## Requirement
Please write out only the lines from the line with "Step2 在样式窗格中,右" to the line with "Included with the", inclusive, exactly as they stand below, without the pictures.

(Stored items from a collection)
=== Begin Enclosure ===

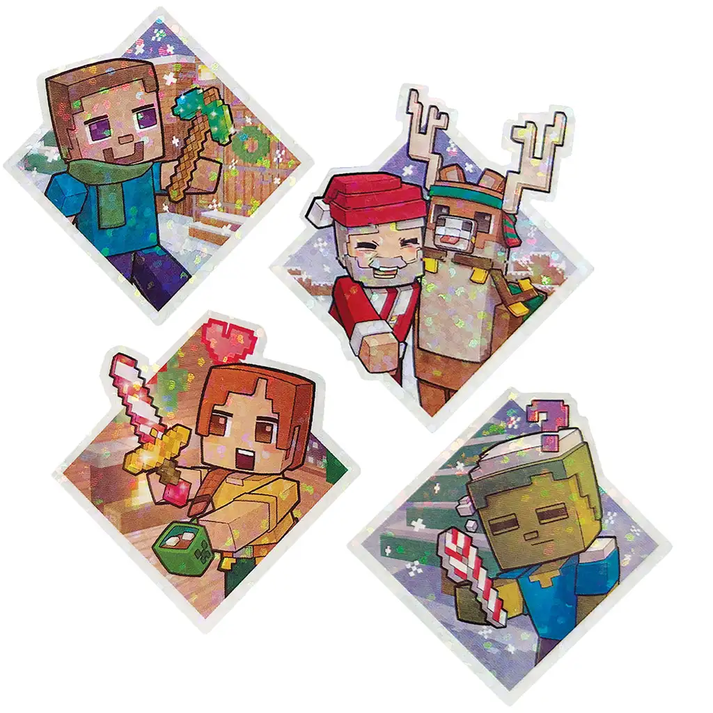 Im Kalender befinden sich 3 Actionfiguren mit einer Höhe von je 8,25 cm: Steve im Weihnachtsmann-Outfit, das lustige Jolly Lama und ein Schneegolem (Snow Golem). Zusätzlich enthält das Set 17 klassische Minecraft-Zubehörteile (wie Waffen, Süßigkeiten, Dekorationen, Gegenstände) und 4 glitzernde Sticker. Die Figuren und Accessoires bringen das ikonische, pixelige Design von Minecraft ins Kinderzimmer, sodass sich die Kinder fühlen können, als wären sie mitten im Spiel.
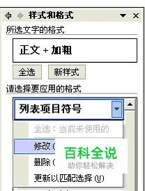 Step2 在样式窗格中,右击“列表项目符号”,选择“修改→格式”(见图1)。在弹出的修改样式对话框中,单击“格式→编号”。
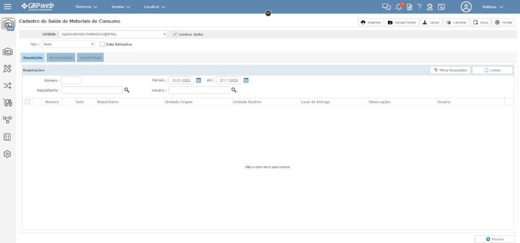 Um dos maiores benefícios foi a inclusão de funcionalidades que automatizam trâmites internos, como a transferência de materiais entre unidades. Antes, o processo era mais manual. Agora, a transferência é feita com total rastreabilidade.
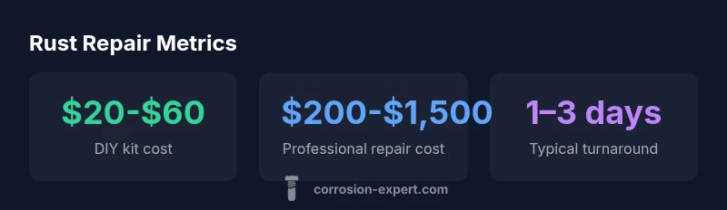 Find rust repair near you by checking local auto body shops, metal restoration pros, and mobile services. According to Corrosion Expert Analysis, 2026, costs vary with rust depth and surface area. DIY kits run roughly $20–$60, while professional repairs commonly range from $200–$1,500 depending on extent and access. Shopping around for quotes helps balance cost and durability.
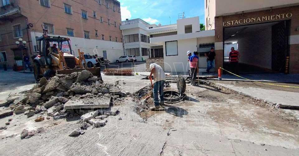Cierran tramo del Centro de Tampico para reparar hundimientos en el concreto
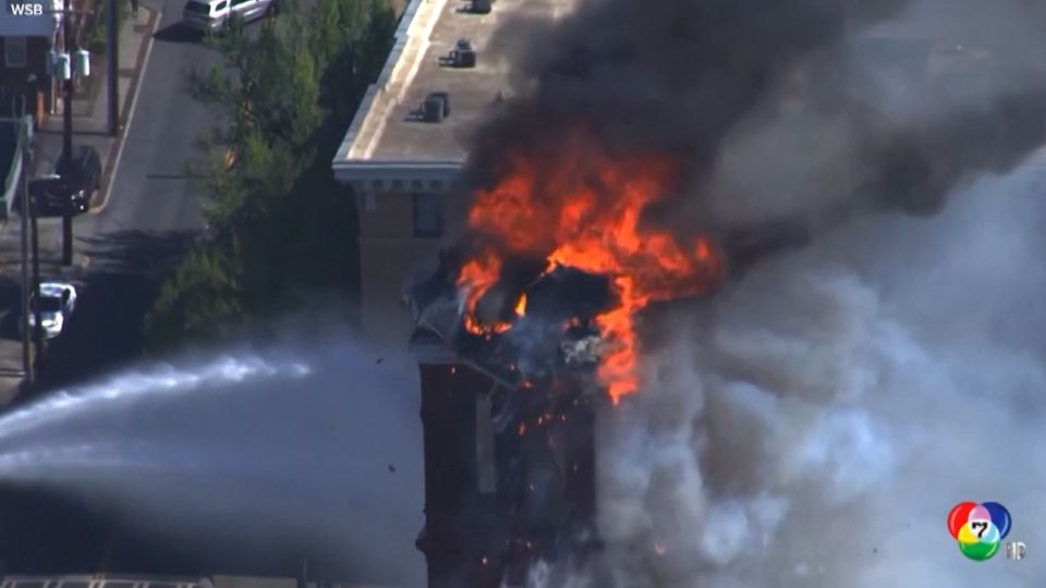 เกิดเหตุเพลิงไหม้อาคารประวัติศาสตร์ในรัฐจอร์เจีย ของสหรัฐฯ ทำให้ยอดอาคารพังถล่มลงมา
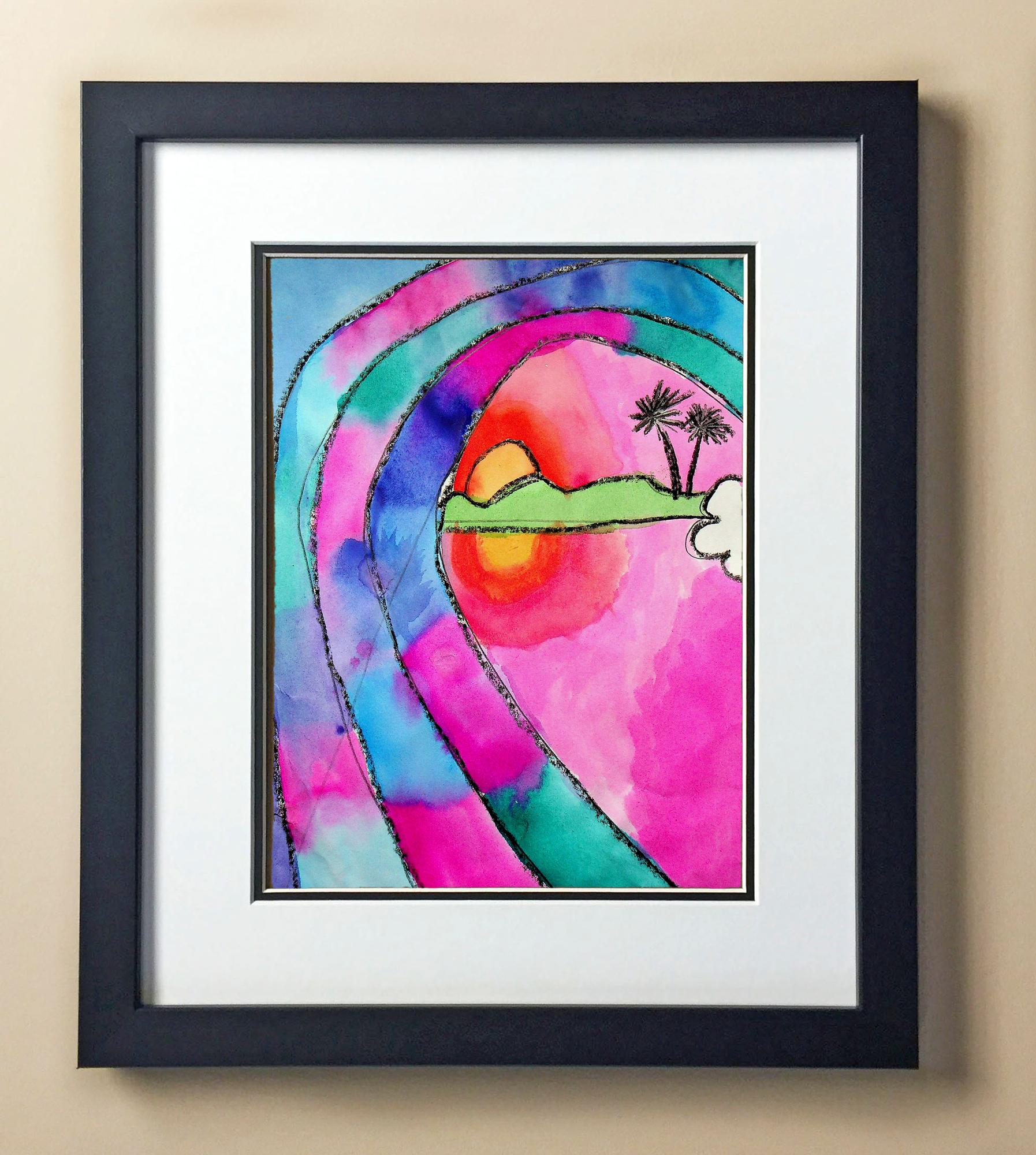 Included with the purchase is the Students Artwork, Frame, double matboard, shatter proof plexiglass, and a ready to hang backerboard with turnbuttons
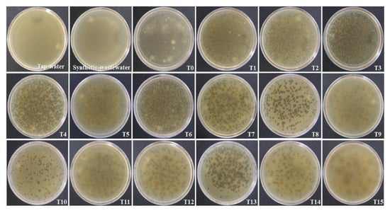 The scaled-up bioelectrochemical system had a working volume of 167 L and was inoculated with the recovered volume, giving an initial coliphage concentration of 6.89 × 107 PFU/mL of the treatment (T0). The negative controls, synthetic residual water, and tap water with which it was prepared presented a complete and intact bacterial plate, as shown in Figure 3 (Petri dishes), unlike T0, where many hydrolysis points were caused by the bacteriophage. Bacteriophage removal by the bioelectrochemical treatment system was more noticeable from 6 h after the start of treatment; after 15 h (T15), there were no hydrolytic spots on the bacterial plaque.
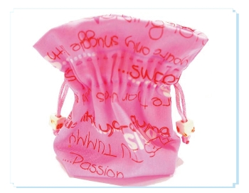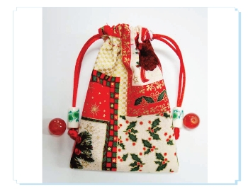 图6—2为束口连底小包。根据个人需求确定束口袋的大小尺寸,里面可以放置自己喜爱的小礼品,或是装个手机、相机充电器之类的东西。如果有兴趣还可绣上名字,并内置一包香囊送给朋友,收到的人一定会惊喜万分。
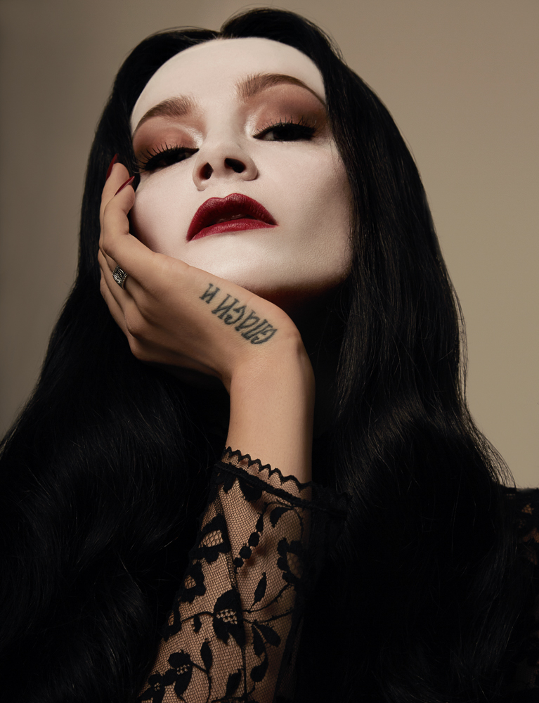 Cyndia Harvey, hair : “For the hair, I got a lace-front wig—they are worth the investment—and used Babyliss medium-width Curling Iron to get a curl running through it, before brushing it all out. We got a '30s-style wave like the original Morticia—and, by curling the front sections of the hair upwards and backwards, we achieved her trademark double-cowlick. Finally, I coated it all in Bumble and bumble Shine On Finishing Spray for a super-glossy finish.”
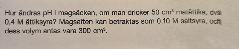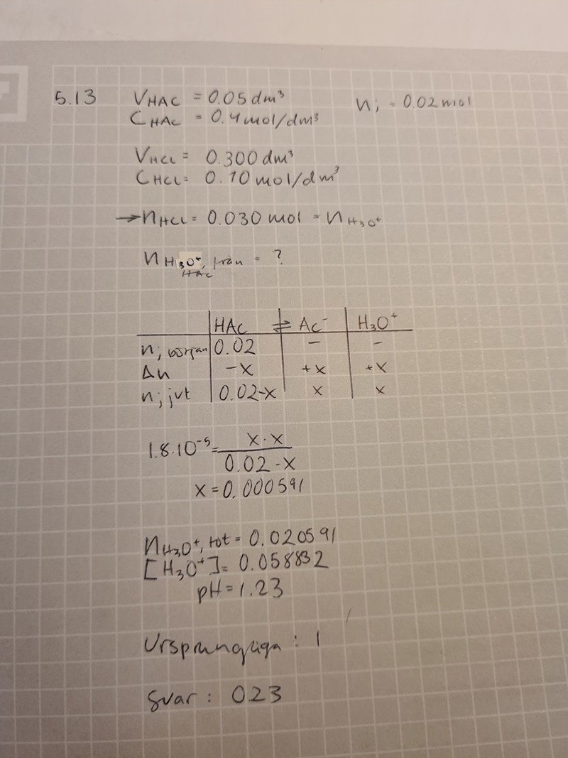 Det jag försöker göra är att ta reda på hur många mol H3O+ det är i lösningen, börjar med att ta reda på antalet i HCL-lösningen vilket jag får till 0.030 mol och sedan tar jag reda på du många mol H3O+ som HAc avger, vilket jag får till 0.000591 mol. Adderar ihop det och dividerar med totala volymen, då får jag koncentrationen H3O+ (får 0.058832)
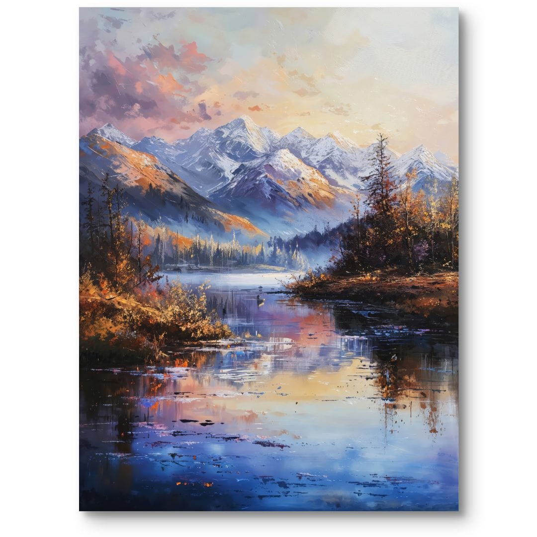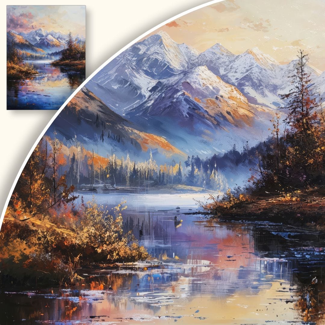 Obraz na płótnie ukazuje urokliwy krajobraz górski z jeziorem w centrum kompozycji. Otaczające je majestatyczne szczyty, spowite śniegiem, kontrastują z pierwszym planem rozświetlonym przez złociste, jesienne drzewa. To wyjątkowe dzieło przenosi widza w świat natury, niosąc ukojenie i wewnętrzną harmonię.
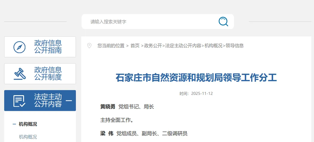 石家庄市自然资源和规划局领导工作分工(15名,2025.11.12)
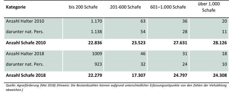 Tab. 1: Entwicklung der Bestände nach Rechtsformen und Herdengrößen

=== End Enclosure ===

## Response
 Step2 在样式窗格中,右击“列表项目符号”,选择“修改→格式”(见图1)。在弹出的修改样式对话框中,单击“格式→编号”。
 Um dos maiores benefícios foi a inclusão de funcionalidades que automatizam trâmites internos, como a transferência de materiais entre unidades. Antes, o processo era mais manual. Agora, a transferência é feita com total rastreabilidade.
 Find rust repair near you by checking local auto body shops, metal restoration pros, and mobile services. According to Corrosion Expert Analysis, 2026, costs vary with rust depth and surface area. DIY kits run roughly $20–$60, while professional repairs commonly range from $200–$1,500 depending on extent and access. Shopping around for quotes helps balance cost and durability.
Cierran tramo del Centro de Tampico para reparar hundimientos en el concreto
 เกิดเหตุเพลิงไหม้อาคารประวัติศาสตร์ในรัฐจอร์เจีย ของสหรัฐฯ ทำให้ยอดอาคารพังถล่มลงมา
 Included with the purchase is the Students Artwork, Frame, double matboard, shatter proof plexiglass, and a ready to hang backerboard with turnbuttons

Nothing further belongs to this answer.